Turns out that this house isn’t a home at all. It’s entirely bogus, a front to hide cellular antennas that serve an area where cell reception had previously been tricky.
A reader alerted me to the house’s existence after I reported that the strange structure now being constructed in North Park next to the 805 freeway is a fake “water tower” that will house cellular equipment.

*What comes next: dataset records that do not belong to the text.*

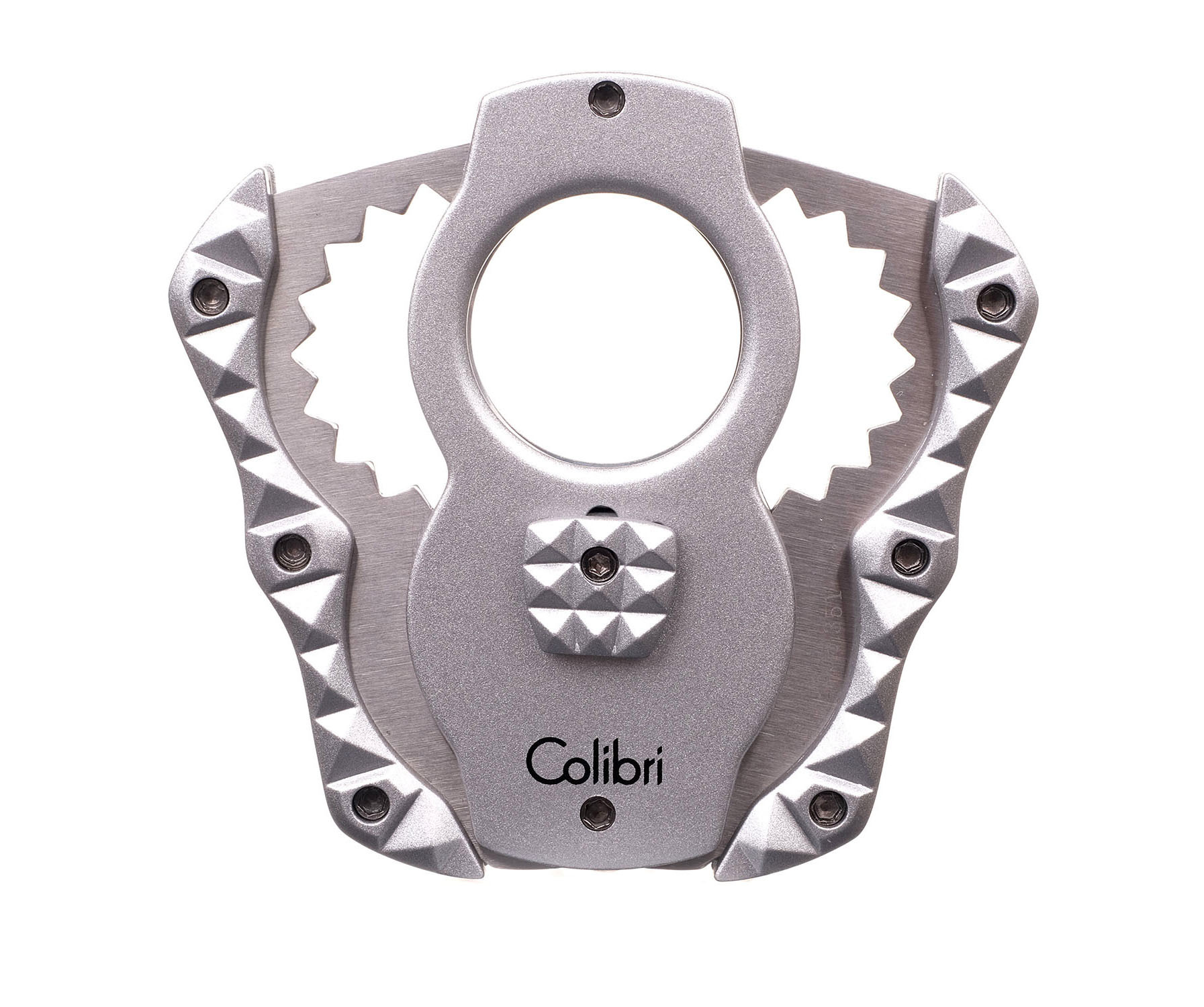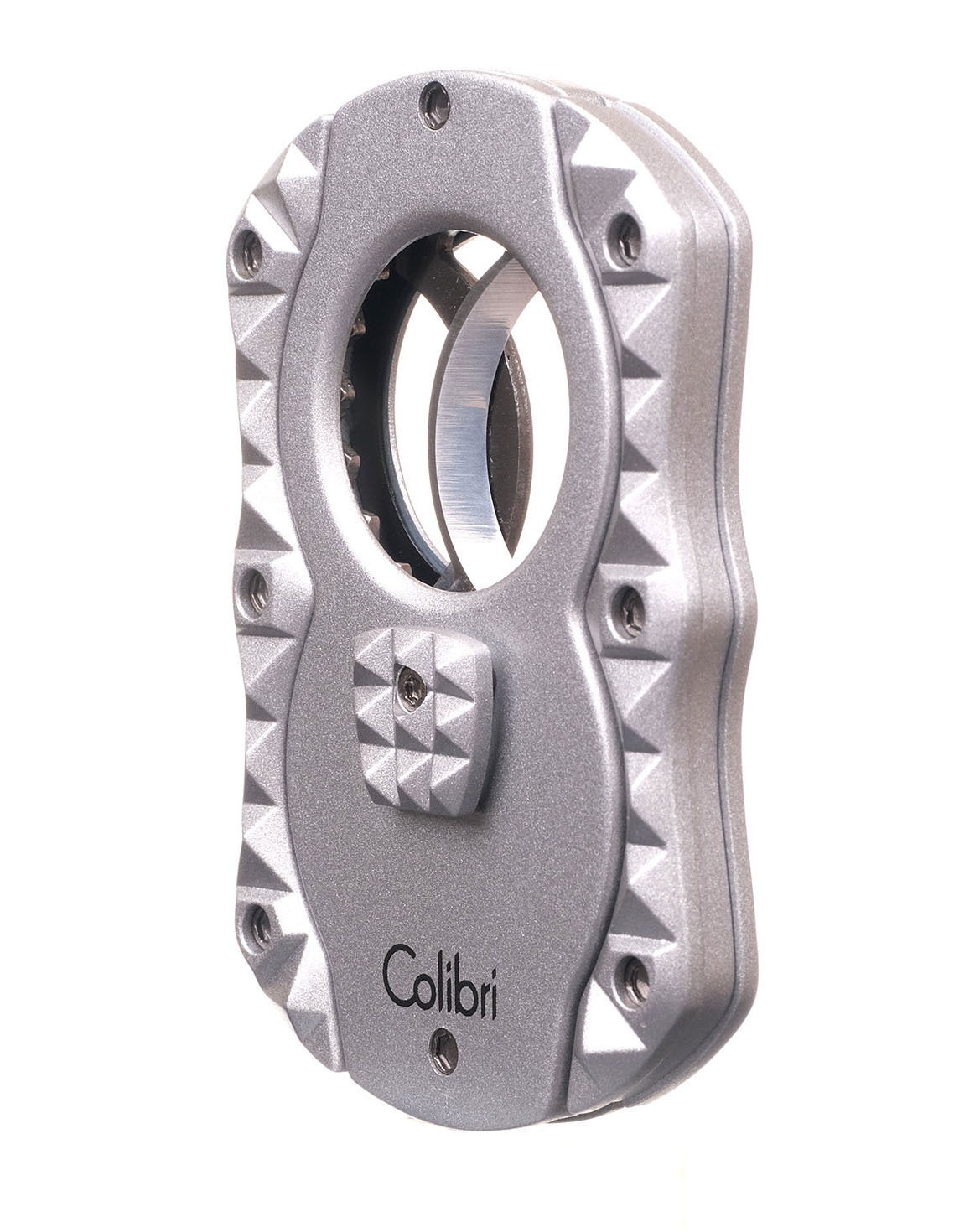 Двойной сигарный резак гильотинного типа с уникальными лезвиями Sceleton из нержавеющей стали. Эргономичный футуристический дизайн Quasar для надежного хвата.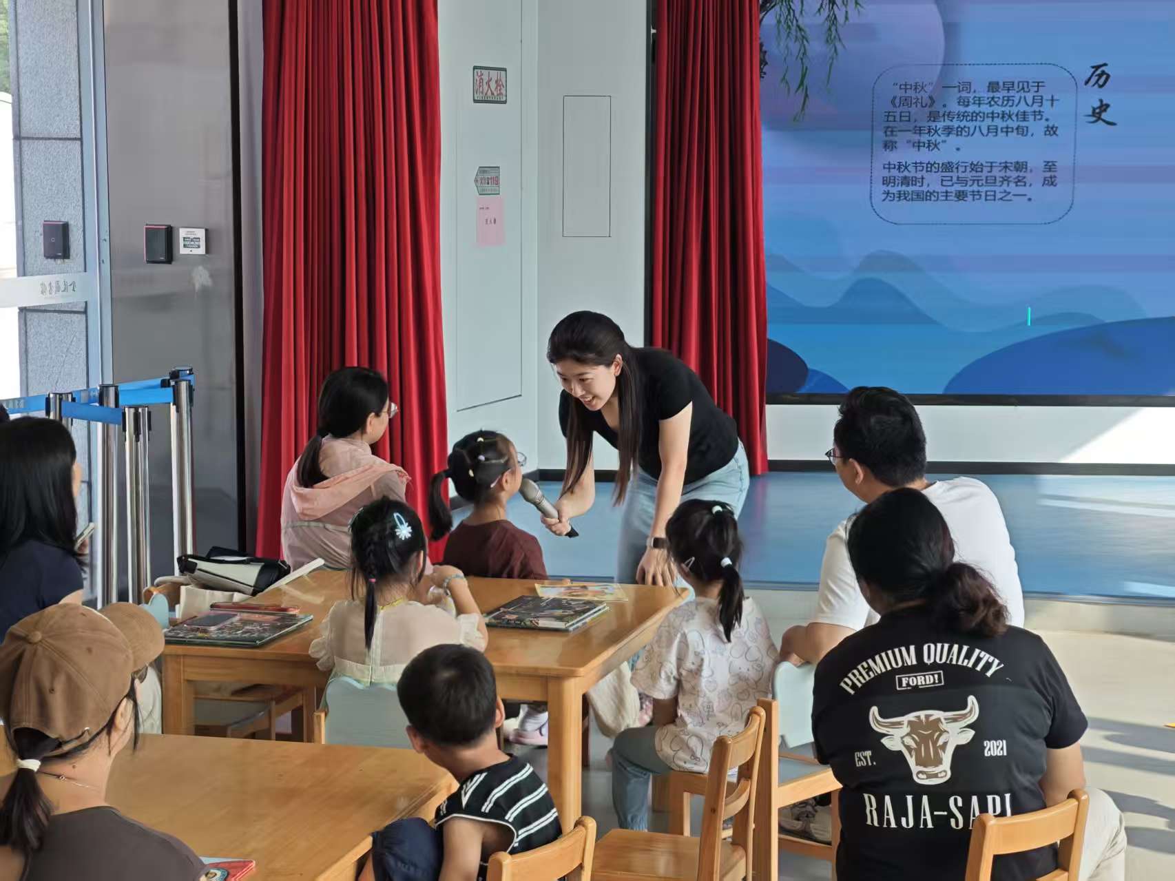 在互动猜谜环节,老师结合中秋节的主题提出了谜语。孩子们争先恐后地举手回答,现场气氛热烈。通过这个小互动,孩子们不仅增加了对中秋节传统文化的了解,还进一步激发了他们的参与热情。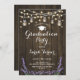 Convite festa de formatura - Madeira Marrom rustica. Design de estilo russo com madeira escura, flores de lavanda e luzes de fadas.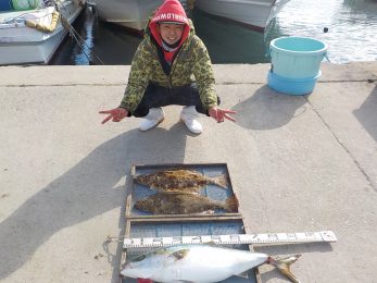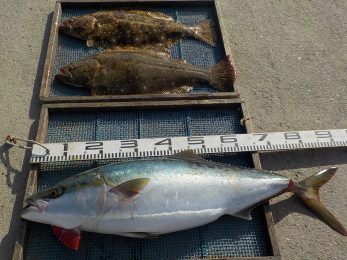波がありましたが、ぶり、サワラ、ヒラメ、真鯛、コチなどあがりましたよ!
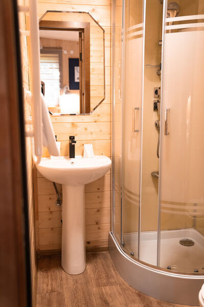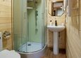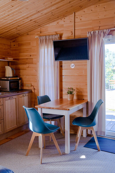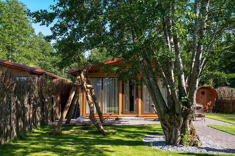 Коттедж с собственной кухней и обеденной зоной на отдельной приватной территории. В шале имеется две спальни, одна с двуспальной кроватью и одна с двумя односпальными кроватями. На территории у коттеджа есть беседка с мангалом, а также собственная баня.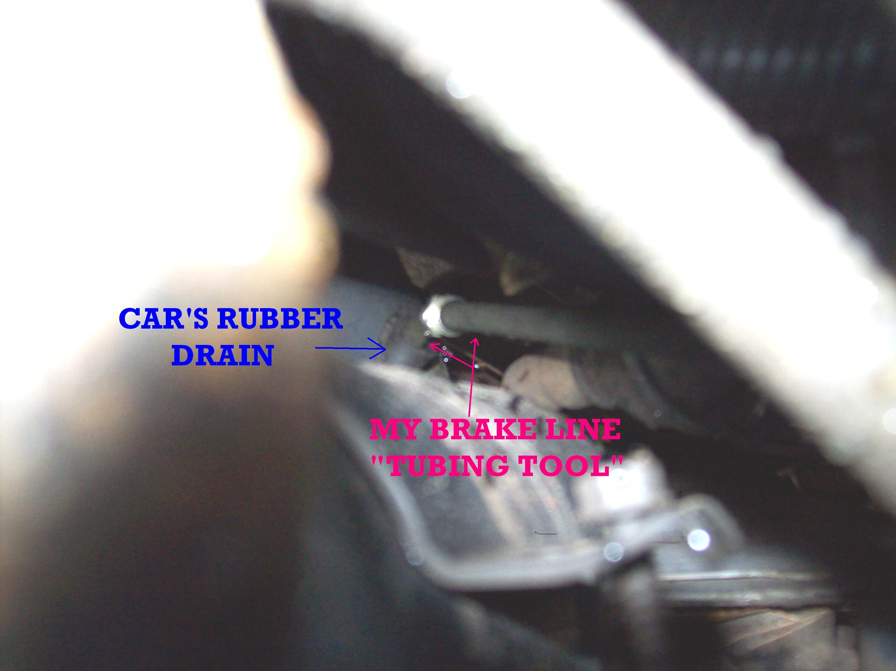 Keep in mind, we are not performing heater box arthroscopic surgery, do not shove it (hose or tube)past the firewall, you may tear or disconnect the car's drain. Then the drain nozzle may leak between the firewall and the A/C box inside.

According to a 2014 application by Verizon to the city, the 1,568-square-foot “faux house” in Black Mountain Ranch is designed to hide 15 panel antennas, a 2-foot-diameter microwave dish (in the chimney!), an emergency generator with a 210-gallon diesel fuel tank and other equipment.
The design, as a planning consultant told a community planning group, is “fauxdobe” – fake adobe. The house, it seems, is fake in more ways than one. On the bright side, you couldn’t ask for quieter neighbors.